| |
Hükümet komiserleri
27 yıl hapis cezasına çarptırılan Hayyam Garipoğlu davasında, mahkeme heyetinin gerekçeli kararında "ilginç" bir hukuk yaklaşımı vardı. Deniyordu ki kararda, "sanık" TMSF ile borç ödeme anlaşması yaptığına göre, suçunu kabul etmiş demektir." Garipoğlu, TMSF ile masaya oturmuş, TMSF'nin önüne koyduğu 380 milyon dolar borcu kabul etmiş ve ödeyeceğini taahhüt etmiş. Mahkeme heyeti, bunu, "suçun kabulü" olarak değerlendiriyor. Suç ne? Zimmet! TMSF kim? Devlet! O vakit, devlet bir zimmetçi ile anlaşma yapmış duruma düşmüyor mu? Bu davalarda, sanıkların çoğu zimmet veya dolandırıcılıktan yargılanıyorlar. TMSF ise bu sanıklarla anlaşma yaparak, paraların önemli bir kısmını tahsil etmeye çalışıyor. Peki, devlet sanıklarla anlaşma yapmış olunca, suça göz yummuş mu oluyor, suça iştirak etmiş mi oluyor, yoksa sadece tahsilat mı yapmaya çalışıyor? Hangi kavramlara göre hareket ediyor devlet?

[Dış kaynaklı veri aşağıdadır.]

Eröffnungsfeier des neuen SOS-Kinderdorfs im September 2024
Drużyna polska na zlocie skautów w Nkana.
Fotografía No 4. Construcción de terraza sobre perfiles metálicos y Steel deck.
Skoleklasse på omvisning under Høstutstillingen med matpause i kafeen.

Gelelim sanığın ikrarına! Bir sanığın suçunu kabul etmesi, tek başına, suçun o sanık tarafından işlendiğine delil teşkil eder mi? Etmez. Sanığın suçunu kabul etmesi ancak kanaat oluşmasına yardımcı olur. Farzedelim, Ahmet bir kuyumcu soydu. Mehmet yakalandı ve soygunu kabul etti. Bu kabul ediş, delil olur mu? Eğer delil olursa, Ahmet'in yerine Mehmet cezalandırılmış olur. Kaldı ki, Ahmet ile Mehmet anlaşıp, mahkemeyi yanıltmaya da kalkışmış olabilirler. Birçok töre cinayetini, o cinayeti işlememiş olanların üstlendiği herkesçe bilinir. Adalet, sanık ikrarı ile yetinemez. Gerçek suçluyu bulmaya çalışır. O sebeple, suçun kabulü, delil olmaz.

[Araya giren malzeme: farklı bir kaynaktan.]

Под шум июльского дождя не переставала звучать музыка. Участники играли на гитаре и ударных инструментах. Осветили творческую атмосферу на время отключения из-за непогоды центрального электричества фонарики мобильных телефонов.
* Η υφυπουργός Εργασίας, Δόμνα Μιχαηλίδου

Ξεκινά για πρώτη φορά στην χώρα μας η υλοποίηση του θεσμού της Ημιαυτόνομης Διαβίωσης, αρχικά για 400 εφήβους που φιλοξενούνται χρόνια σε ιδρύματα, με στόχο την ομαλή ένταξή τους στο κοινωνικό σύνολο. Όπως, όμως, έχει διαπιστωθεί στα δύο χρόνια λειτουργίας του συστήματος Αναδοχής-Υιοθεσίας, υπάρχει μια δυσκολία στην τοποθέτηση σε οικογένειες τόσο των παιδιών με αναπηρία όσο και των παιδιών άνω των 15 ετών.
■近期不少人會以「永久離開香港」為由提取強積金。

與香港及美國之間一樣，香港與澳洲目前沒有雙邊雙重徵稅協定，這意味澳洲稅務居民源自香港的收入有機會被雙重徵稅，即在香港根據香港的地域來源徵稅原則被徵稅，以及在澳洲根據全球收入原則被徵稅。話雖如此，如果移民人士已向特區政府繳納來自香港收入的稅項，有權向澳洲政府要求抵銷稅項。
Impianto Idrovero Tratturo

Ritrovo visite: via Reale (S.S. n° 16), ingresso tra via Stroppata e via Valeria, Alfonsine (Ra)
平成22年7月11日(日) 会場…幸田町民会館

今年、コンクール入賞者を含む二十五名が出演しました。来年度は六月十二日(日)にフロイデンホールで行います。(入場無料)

Şimdi gelelim, medyadaki çarpık bir anlayışa... Birçok gazeteci, banka hortumlamalarında yürütülen paralanın geri alınmasında devletin "çaresiz kaldığını" öne sürüyor. Ve devlete arka çıkıyorlar. Kimi okuyucu da bu gazetecileri "kahraman" falan sanıyor. Oysa, gazetecinin prensip olarak, devlete arka çıkması gerekmez. Çünkü, devlet bir şekilde kandırılmış veya haksızlığa uğramış olsa bile, bu haksızlığı giderecek güce ve organlara sahiptir. Devlet, istediği takdirde bir gecede, ortalığı kasıp kavuracak tedbirler alabilir. Yani, devletin savunulmaya ihtiyacı yoktur. Savunulmaya ihtiyacı olan bireydir. Bütün rejimlerde, devletin karşısında birey güçsüzdür. Ve çeşitli haksızlıklara uğraması olasıdır. O yüzden gazeteci, bireyin yanında saf tutmalı, bireyin hak ve hukukuna sahip çıkmalıdır.

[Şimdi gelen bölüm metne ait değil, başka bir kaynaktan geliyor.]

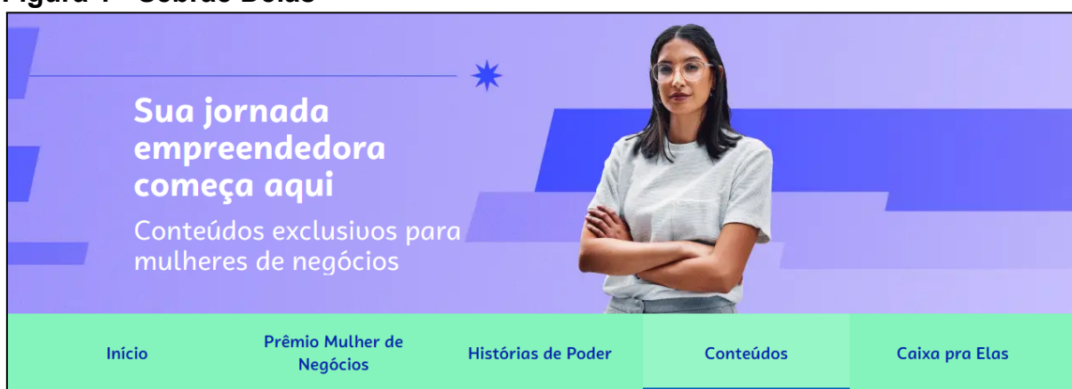
Figura 1 - Sebrae Delas

Aksi halde yanlış duruş, gazeteciyi devletin uzantısı haline getirir, daha hevesli olanlar ise "hükümet komiseri" havasına bürünebilirler. Bireyin, halkın ve milletin hak ve hukukunu gözetmekle mükellef gazetecinin, devlet resmi görevlileriyle veya hükümet yetkilileriyle kolkola girmesi, bu meslek için gerçek bir felakettir. Bir haksızlığa uğradığınızda, gideceğiniz yer neresidir? Adalettir! Orada da haksızlığa uğrarsanız, nereye koşarsınız? Basına... Ama basın da "devlet kapısı" haline gelmişse ne olacak? Kahraman zannedilen gazeteci devletin yanındaysa, yandınız demektir.